= Sveinung Svalastoga =

Norwegian rose painter, poet and woodcarver

Sveinung Bjørnson Svalastoga (1772–1809) was a Norwegian rose painter, poet, and woodcarver.

==Biography==
Sveinung Bjørnson Svalastoga was born in Rauland prestegjeld (now part of Vinje Municipality) in Telemark County. He was the son of Bjørn Bjørnson Gardsjord (1731-1782) and Ingebjørg Rikardsdotter Svalastoga (1730-1776). He was born at Svalastoga, one of the area's oldest farms.

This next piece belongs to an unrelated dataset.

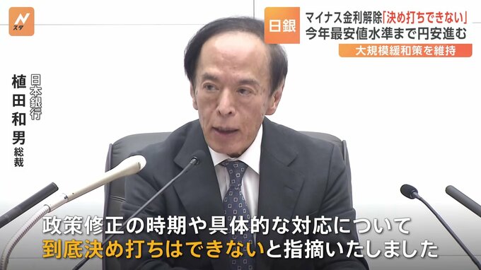日銀はきょうまで開かれた金融政策を決める会合で大規模緩和策の維持を決定しました。日本銀行 植田和男総裁「まだ賃金上昇に伴う2%の持続的・安定的なインフレが見通せる状況にはなっていない」日銀は金融政策決…

Sveinung Svalastoga painted living room interiors, cupboards, chests, and bowls with powerful and colorful designs, often randomly placed. Many of his works have been retained, both room decorations as well as smaller objects like chests and cupboards. He was also known for the mystical figures he cut and carved from twisted mountain pines, such as a mystical woman and her man, and a fairy tale princess set up at the corner of the storehouse. In addition, he often painted figures, especially biblical and mythological, with a naive touch.

Svalastoga probably had two working winters in Numedal, first 1801-1802 and then 1806–07. A major work is the living room interior at Nordigard Berdal in Vinje from 1802. In 1803, he also painted the altarpiece of the new Rauland Church (Rauland kyrkje).